# [About this task]
The lines to retype run from the one containing "Chinese Style Living" through the end of the listing below. Reproduce them exactly, leaving out pictures.

# [Data provided]

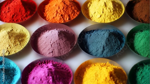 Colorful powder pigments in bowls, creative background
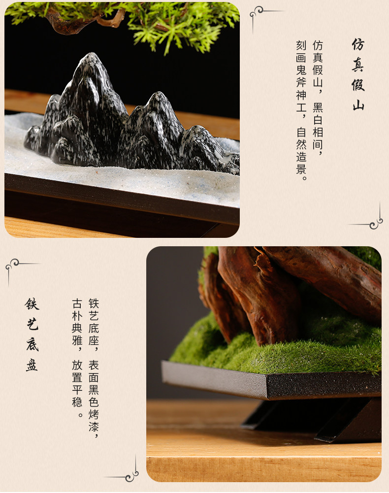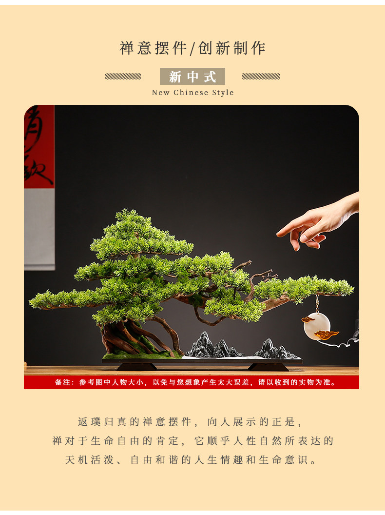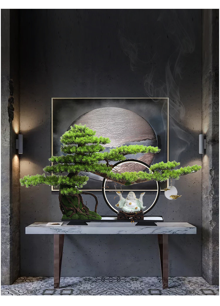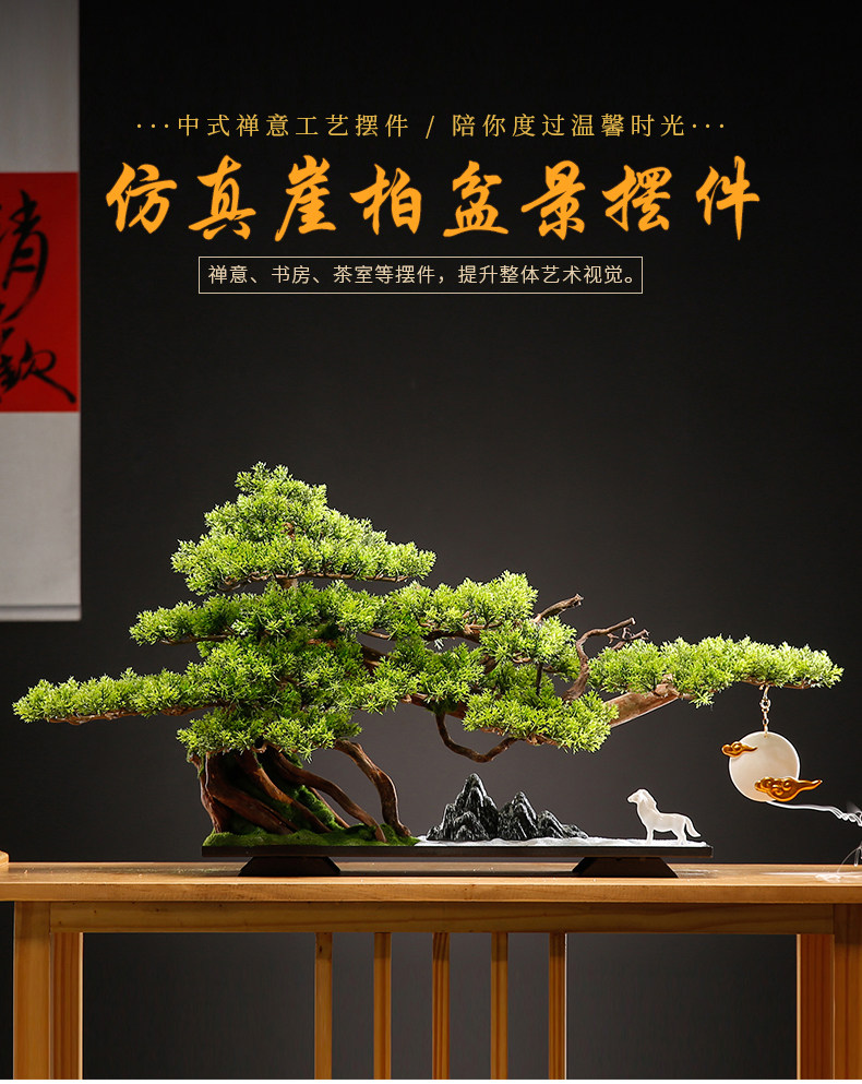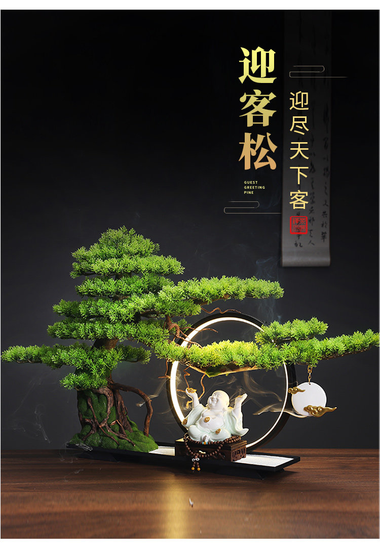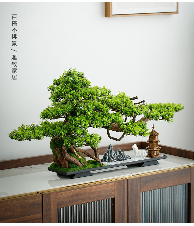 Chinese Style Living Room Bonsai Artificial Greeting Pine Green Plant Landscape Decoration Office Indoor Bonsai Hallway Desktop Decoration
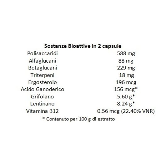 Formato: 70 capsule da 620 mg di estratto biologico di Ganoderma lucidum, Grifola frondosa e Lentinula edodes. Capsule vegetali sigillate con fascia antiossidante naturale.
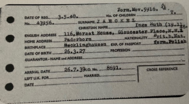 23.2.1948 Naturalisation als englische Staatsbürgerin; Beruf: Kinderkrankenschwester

# [Response]
 Chinese Style Living Room Bonsai Artificial Greeting Pine Green Plant Landscape Decoration Office Indoor Bonsai Hallway Desktop Decoration
 Formato: 70 capsule da 620 mg di estratto biologico di Ganoderma lucidum, Grifola frondosa e Lentinula edodes. Capsule vegetali sigillate con fascia antiossidante naturale.
 23.2.1948 Naturalisation als englische Staatsbürgerin; Beruf: Kinderkrankenschwester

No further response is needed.